Currently, investors can set up standing SWP and STP instructions only for mutual fund units held in statement of account (SOA) mode. Those holding units in demat form must submit separate instructions for each withdrawal or transfer, making systematic transactions more time-consuming and complex.
In a consultation paper released on Thursday, SEBI said the proposed framework would help align processes across the mutual fund ecosystem and improve ease of doing business for all stakeholders, including investors, fund houses, stock exchanges, depositories, and registrars.
The regulator noted that the proposal would be especially beneficial for retirees, long-term investors, and individuals using mutual funds for regular income or periodic portfolio rebalancing. It could also reduce dependence on blanket powers of attorney, thereby strengthening investor control over their investments.

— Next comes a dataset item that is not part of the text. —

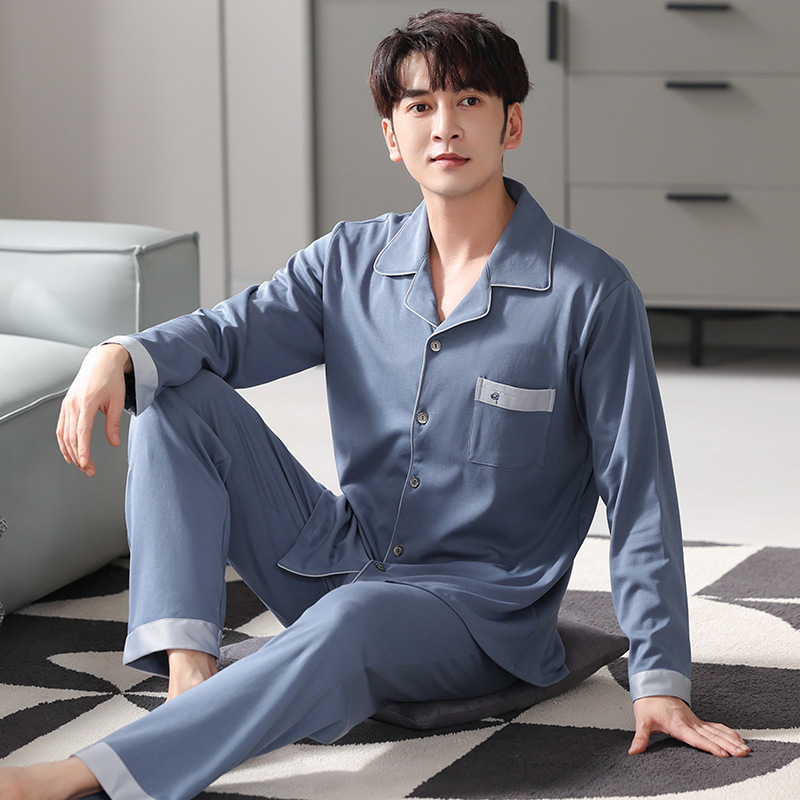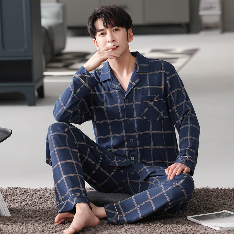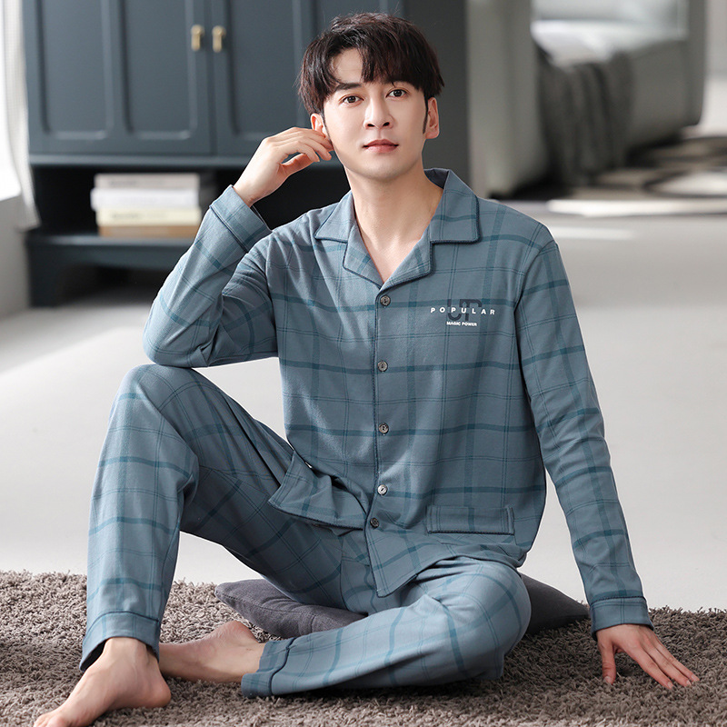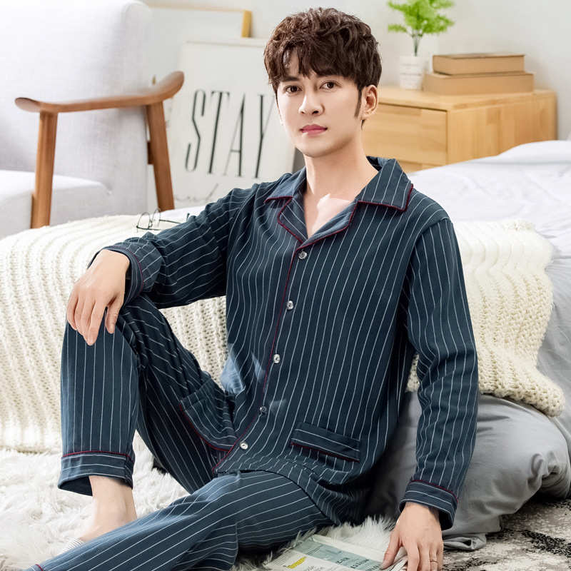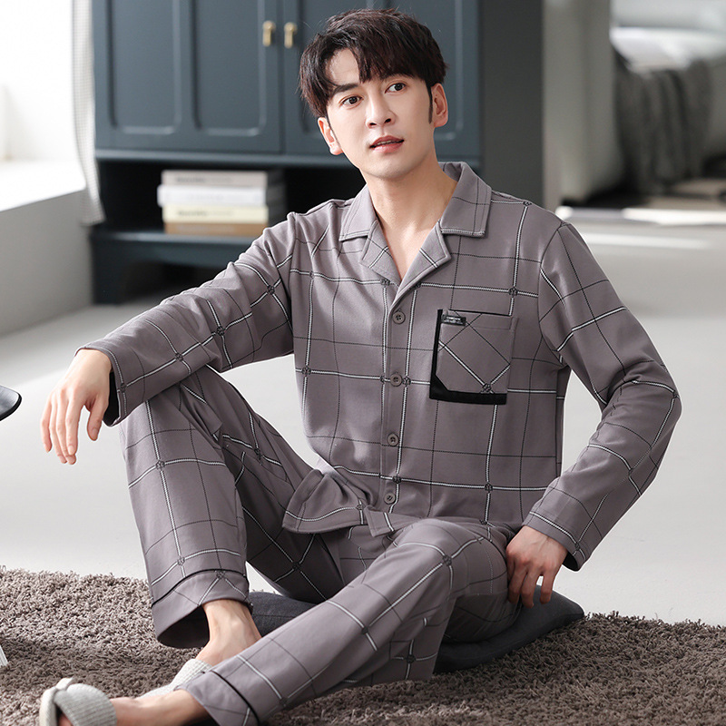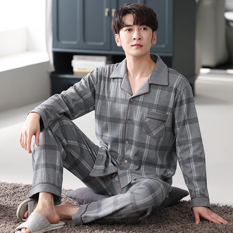 가을과 겨울 남자의 순면 홈 의류 세트 편안한 스트라이프 격자 무늬 카디건 긴 소매 투피스 청소년 잠옷스토어 가기

SEBI has suggested a two-phase implementation of the proposal. In the first phase, investors would be able to register unit-based, date-specific SWP and STP mandates through depositories or stock exchange members. These instructions would be executed on stock exchange platforms with minimal system changes required at registrars and transfer agents (RTAs).
In the second phase, once processing of standing instructions is routed through RTAs, the framework would be expanded to include amount-based withdrawals, appreciation-based switches, and swing STPs, offering greater flexibility to investors.
The proposal is based on recommendations from a working group comprising representatives of stock exchanges, depositories, and RTAs, and was further examined by SEBI’s Secondary Market Advisory Committee.
SEBI has invited public feedback on the consultation paper before finalising the framework.